On behalf of Wireless Telecom Group, Inc., the following letter was mailed to certain shareholders of the company on or about May 24, 2005. A copy of the letter is being filed herewith under Rule 14a-6 under the Securities Exchange Act of 1934, as amended.




WIRELESS TELECOM GROUP, INC.
25 Eastmans Road
Parsippany, New Jersey 07054
(201) 261-8797

May 24, 2005

YOUR VOTE IS IMPORTANT

PLEASE VOTE YOUR PROXY TODAY!

Dear Shareholder:

Recently, we mailed you proxy material in connection with the 2005 Annual Meeting of Shareholders of Wireless Telecom Group, Inc. ("WTT"), which is scheduled to be held at The Parsippany Hilton, One Hilton Court, Parsippany, New Jersey 07054, on June 24, 2005, beginning at 10:00 a.m., local time.

We encourage you to read the proxy statement which discusses the details of WTT's proposed acquisition of Willtek Communications GmbH, a leading German supplier of testing solutions for emerging wireless services and cellular networks. If approved by our shareholders at the Annual Meeting, upon completion of the acquisition, WTT will acquire all of the outstanding share capital of Willtek in exchange for 8,000,000 newly issued shares of WTT's common stock, and Willtek will become a wholly owned subsidiary of WTT and will serve as the base of our European operations.

After careful consideration, your board of directors unanimously recommends that you vote FOR approval of the acquisition, the issuance of our common stock in the acquisition and all of the other transactions contemplated by the amended and restated stock purchase agreement, a copy of which is attached as Annex A to the proxy statement dated May 9, 2005, and FOR the election of each of the nominees named in the proxy statement to WTT's board of directors.
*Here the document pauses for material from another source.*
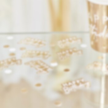 Gullfoliert bordkonfetti med en blanding av gull og hvite prikker, samt teksten "Happy Birthday" fra kolleksjonen Mix it Up. Dekorer bordet med dette for å få det lille ekstra til borddekkingen når du skal ha fest. Pakken inneholder 13 gram.
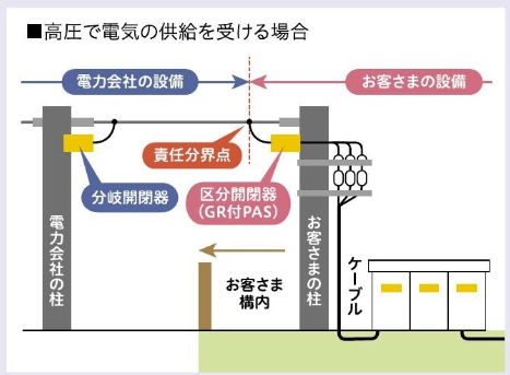- 電力会社と需要家の間で、電気設備の維持管理や保安責任を分ける境界となる点。

Regardless of the number of shares you own, it is important that they are represented and voted at the Annual Meeting. Accordingly, you are requested to complete and return the enclosed duplicate proxy at your earliest convenience.

If you have already voted, please accept our thanks. We appreciate your participation and continued support. If you have any questions or need assistance in voting your shares, please call our proxy solicitor, D.F. King & Co., Inc. at 800-769-7666.